■ Your instructions ■
Having located "Gợi ý lời chúc" in the listing below, write out its line and every following line exactly, last line included, without the pictures.
[Opening Excerpted data section]
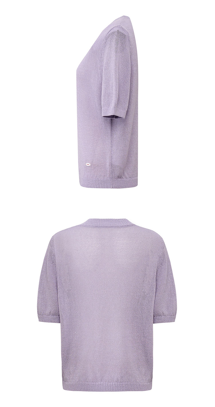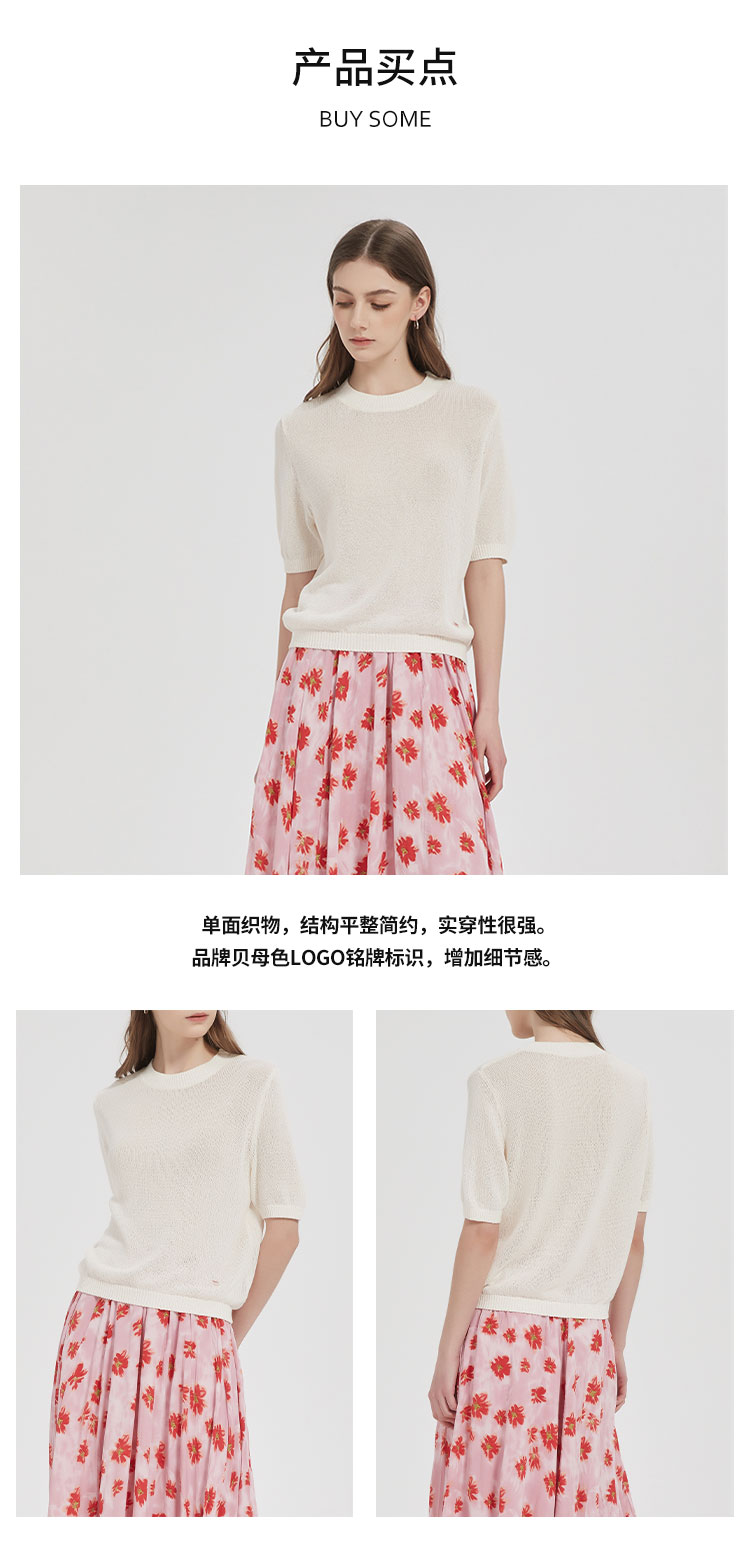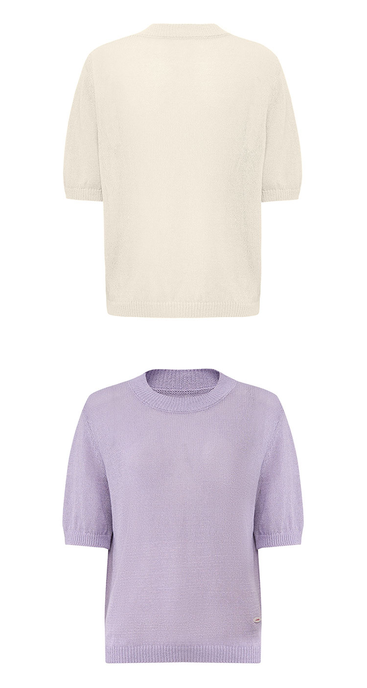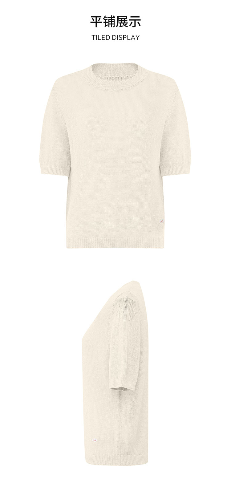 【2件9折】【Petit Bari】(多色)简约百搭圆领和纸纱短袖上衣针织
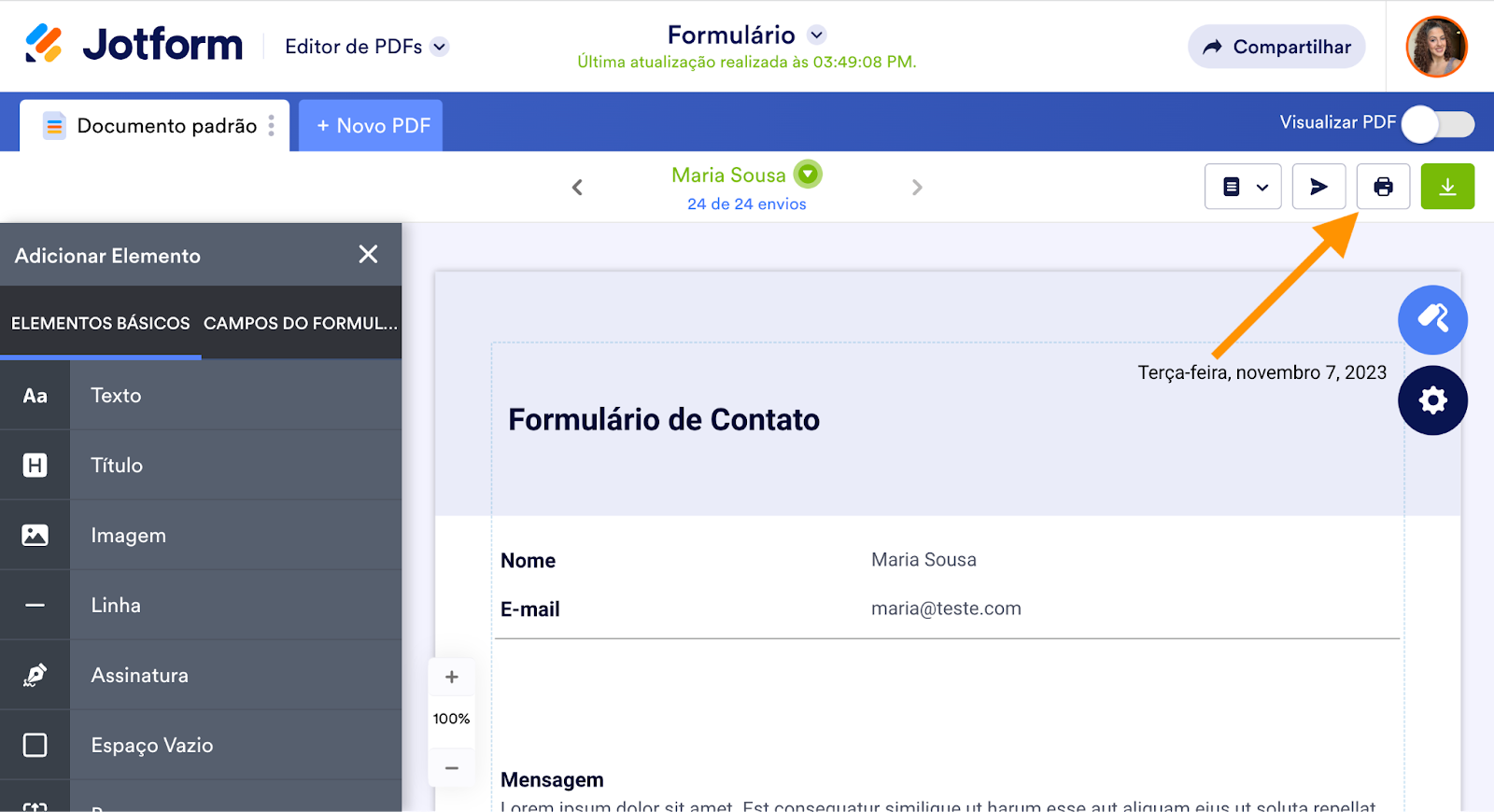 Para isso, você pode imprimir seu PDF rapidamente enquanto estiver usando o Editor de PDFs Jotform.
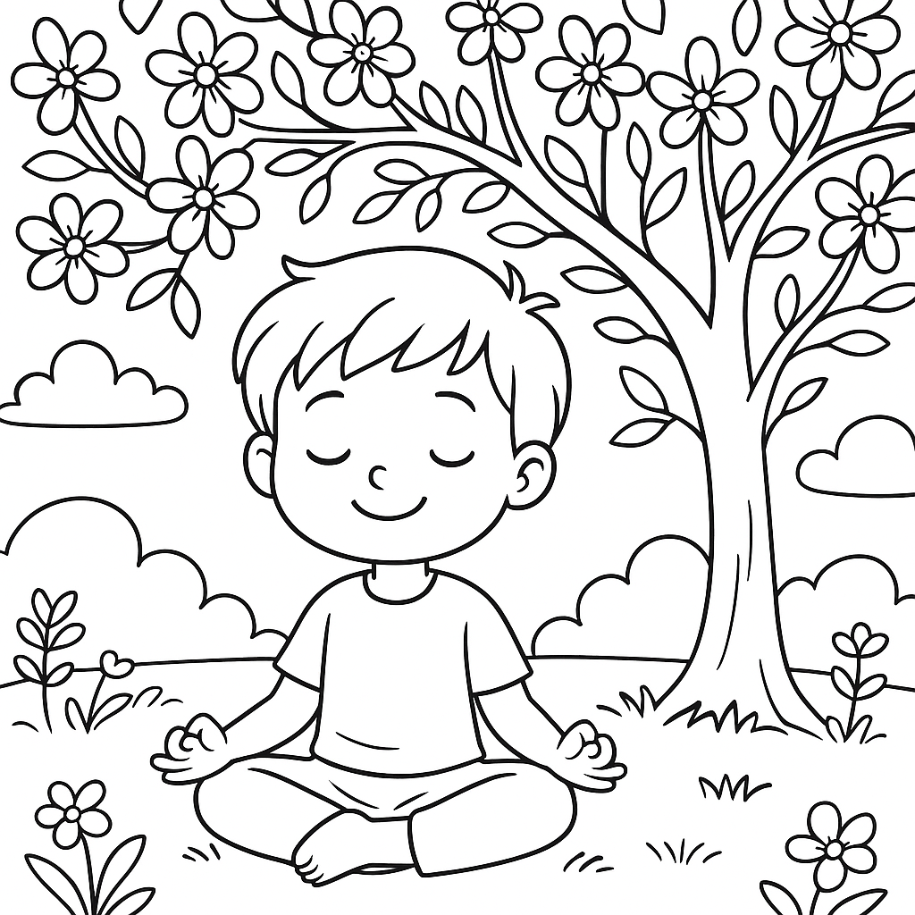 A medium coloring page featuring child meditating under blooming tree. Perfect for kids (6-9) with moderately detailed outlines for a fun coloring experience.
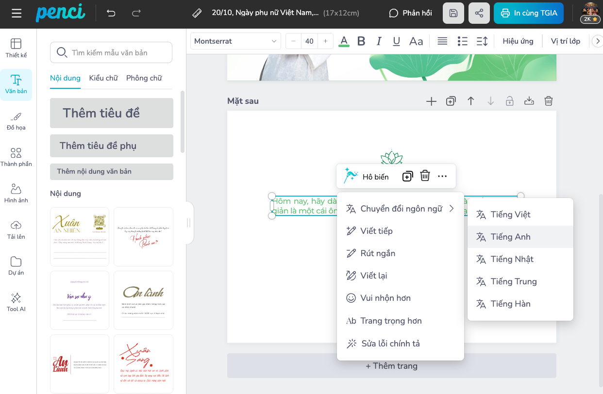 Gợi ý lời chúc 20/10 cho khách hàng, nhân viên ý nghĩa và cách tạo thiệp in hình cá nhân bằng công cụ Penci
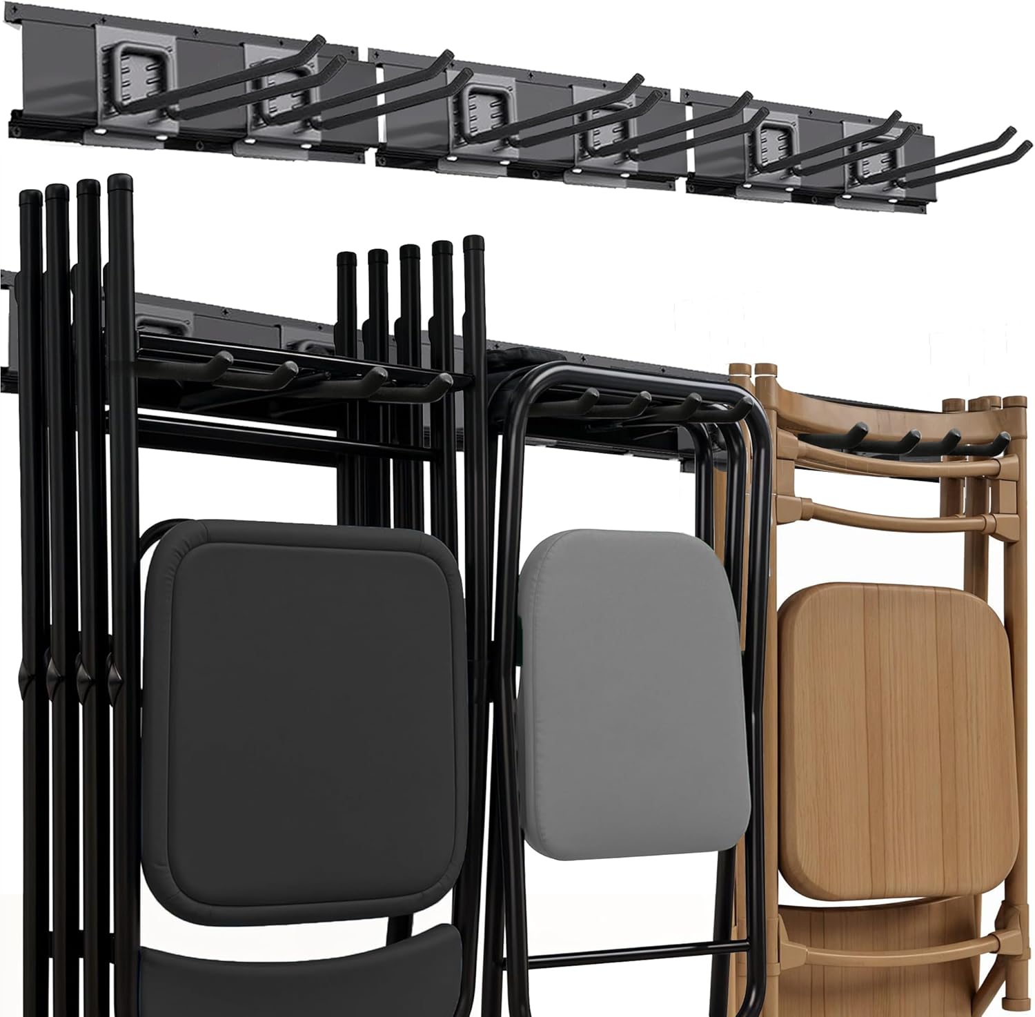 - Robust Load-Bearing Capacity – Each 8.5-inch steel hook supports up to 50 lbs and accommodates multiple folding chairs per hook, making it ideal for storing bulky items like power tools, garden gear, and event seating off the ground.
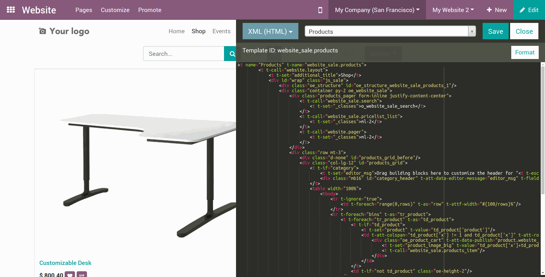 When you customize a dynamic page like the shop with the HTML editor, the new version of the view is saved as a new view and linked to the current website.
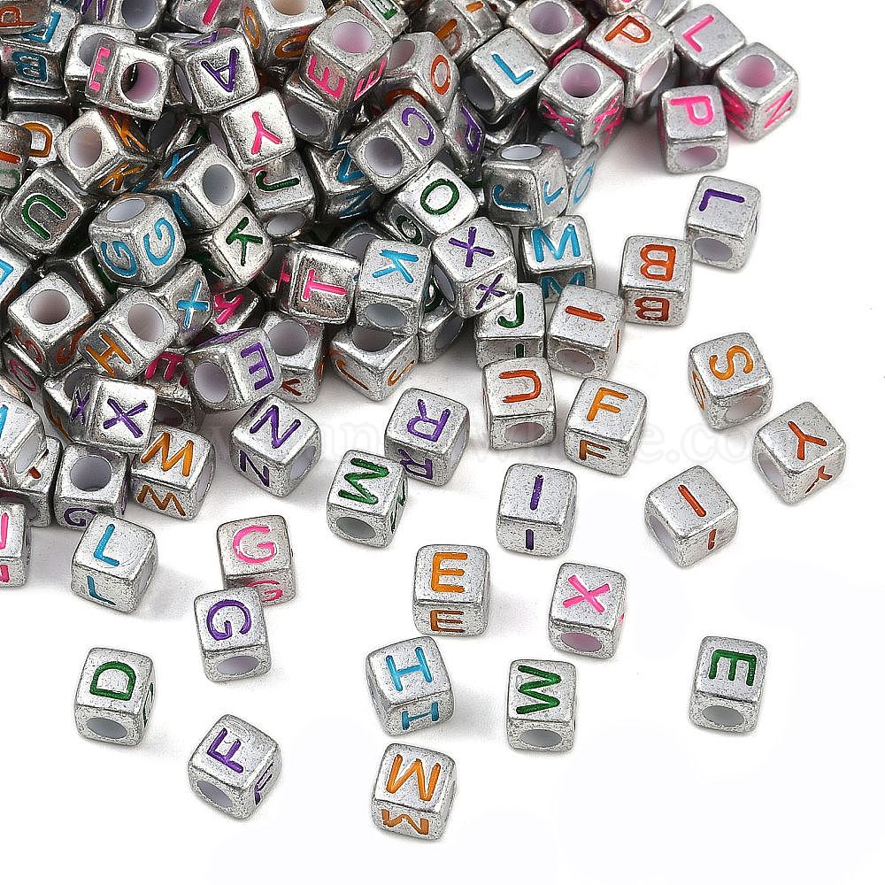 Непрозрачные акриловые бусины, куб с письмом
[Closing Excerpted data section]
■ Final answer ■
 Gợi ý lời chúc 20/10 cho khách hàng, nhân viên ý nghĩa và cách tạo thiệp in hình cá nhân bằng công cụ Penci
 - Robust Load-Bearing Capacity – Each 8.5-inch steel hook supports up to 50 lbs and accommodates multiple folding chairs per hook, making it ideal for storing bulky items like power tools, garden gear, and event seating off the ground.
 When you customize a dynamic page like the shop with the HTML editor, the new version of the view is saved as a new view and linked to the current website.
 Непрозрачные акриловые бусины, куб с письмом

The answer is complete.